O Pescador

Ivan Nery Cardoso
Ensaios sobre a loucura
2 min readMay 27, 2020

Vindo da imensidão branca e vazia, o pescador abre um buraco quadrado no gelo com uma serra e joga sua linha nas águas que correm na escuridão profunda. Senta-se no banquinho dobrável que trouxe e aguarda.

Não se sabe quanto tempo depois, a linha dá sinais de sucesso, devolvendo vida à estátua congelada do pescador. A batalha é breve em suas mãos calejadas. Do buraco quadrado, iça uma cena de amor. Pequena, sem forças para se debater, mas uma sobrevivente: traz nas barbatanas cicatrizes do ataque de uma criatura maior. Emanando um calor débil, a cena de amor é abatida pelo pescador sem esforço. Uma paulada na cabeça e já está pronta para voltar às águas atravessada por um anzol maior.

O pescador não tem pressa. Sabe quão longo é o dia. Mexe de vez em quando a linha para emular algo vivo. Se quiser pegar um assassinato em sala trancada ou um “eles estavam mortos desde o princípio”, não pode oferecer algo morto. Com sorte, poderá usar o assassinato como isca para pescar uma investigação. E, com a investigação, pegar uma conspiração complexa o suficiente para durar o inverno inteiro. Sim, isso seria bom. Seria muito bom. Muito bom mesmo.

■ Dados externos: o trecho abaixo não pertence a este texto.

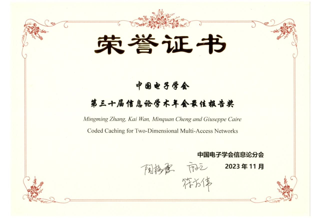 此外,万凯博士还获得了CIEIT 2023的最佳论文奖(大会唯一一篇,合作单位包括西安交通大学,西安电子科技大学)和最佳报告奖(合作单位包括广西师范大学和德国柏林工业大学)。这两篇文章分别针对双基站通信感知一体化系统和多节点边缘缓存系统,提出高效的传输方案,再通过信息论逆证明,刻画系统性能极限的上下界。
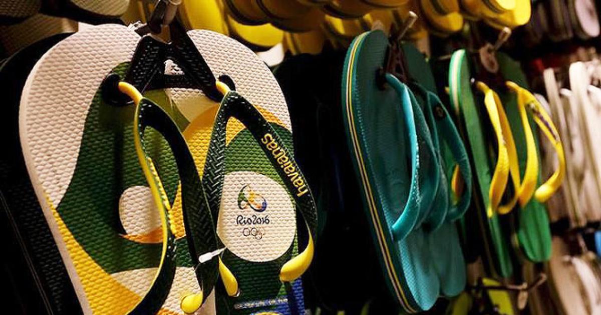 The official logo of the Rio summer Olympic 2016 games is seen on a pair of flip flops at a shop in Sao Paulo

E aguarda, o pescador. Encolhido no seu próprio calor. Mergulhado em fantasias.

Antes que chegue a eternidade, o pescador declara fracasso. A luz está apagando, o frio penetra suas roupas. Não há quem se interesse pela cena de amor. Recolhe a linha, pega o banco, a serra, e retorna por onde veio, levando a cena de amor debaixo do braço. Ela terá que lhe bastar. Passo a passo, o pescador vai desaparecendo na imensidão branca e vazia. É quase um ponto agora, e a cena de amor, mesmo morta, mesmo passando o dia imersa em águas gélidas, aquece o corpo do pescador, bem no ponto em que o toca.